Velvet is composed by two modules, velveth and velvetg, that need to be run one after the other. The first module analyzes the reads, decomposes them in sub-sequences of fixed length k (called k-mers) and builds an index of all k-mers. The second module takes as input the output of velveth and builds structures in which reads overlap, called contigs, corresponding to transcripts when the input contains RNA-seq reads. Let’s open a script for running velvet, and write the header, load the modules and point to the working directory:
#$ -S /bin/sh #$ -cwd #$ -q amd.q,large.q,intel.q #$ -l h_vmem=16G #$ -e velveth.e #$ -N velveth #$ -o velveth.o module load velvet/1.2.10 cd /ibers/ernie/scratch/vpl/zebra_fish
The general usage of the velveth module is:
Usage:
./velveth directory hash_length {[-file_format][-read_type][- separate|-interleaved] filename1 [filename2 ...]} {...} [options]
where directory is the name of the output folder and hash_length is the size of the k-mers in which reads are decomposed (must be an even number). Now let’s write the velveth command to assemble reads from the 6 hours zebrafish embryo (all in one line):
velveth velvet_out 29 -fastq data/6h_1.trim.fastq data/6h_2.trim.fastq
The parameters are:
velvet_out: the output folder
29: the value of k
-fastq: the input format
The second module, velvetg, has many options, but can also simply run just specifying the folder with the velveth output. Let’s now add the velvetg command in the file that you are writing:
velvetg velvet_out
Now save and close the file and run with qsub. When it is finished, have a look at the output folder (using for example ls –l velvet_out). Some files (e.g. Roadmaps, Sequences) report the reads decomposition and indexing. The file with the reconstructed transcript is contigs.txt. Open it, and you will see the sequence of all transcripts in fasta format.

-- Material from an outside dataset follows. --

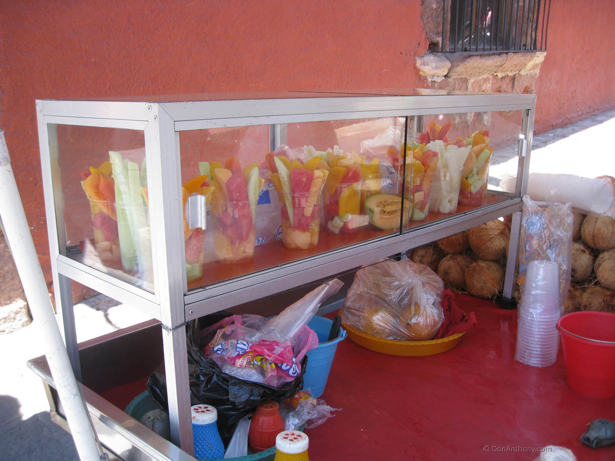 Fried plantains or fried potatoes, the fare is tempting and the choice is chili salt or none, either at about 75 cents a bag.

Let’s now see if velvet was able to correctly assemble zebrafish transcripts. Open contigs.fa, choose one transcript sufficiently long and copy it. Now open your browser and go to: [1]

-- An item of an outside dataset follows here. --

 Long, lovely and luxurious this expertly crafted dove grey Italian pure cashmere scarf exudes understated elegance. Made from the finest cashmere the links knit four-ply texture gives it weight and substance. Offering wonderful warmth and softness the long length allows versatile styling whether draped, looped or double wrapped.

Click on nucleotide blast on the left size of the screen. Paste the chosen sequence from the velvet output into the text box, select Nucleotide collection (nr/nt) from Choose Search Set, then click the BLAST button and wait until completion. Verify that the best match in the BLAST output is a zebrafish gene. If you want, try again with other reconstructed transcripts, trying some large ones and some small ones. Do all of them have a good match with zebrafish genes?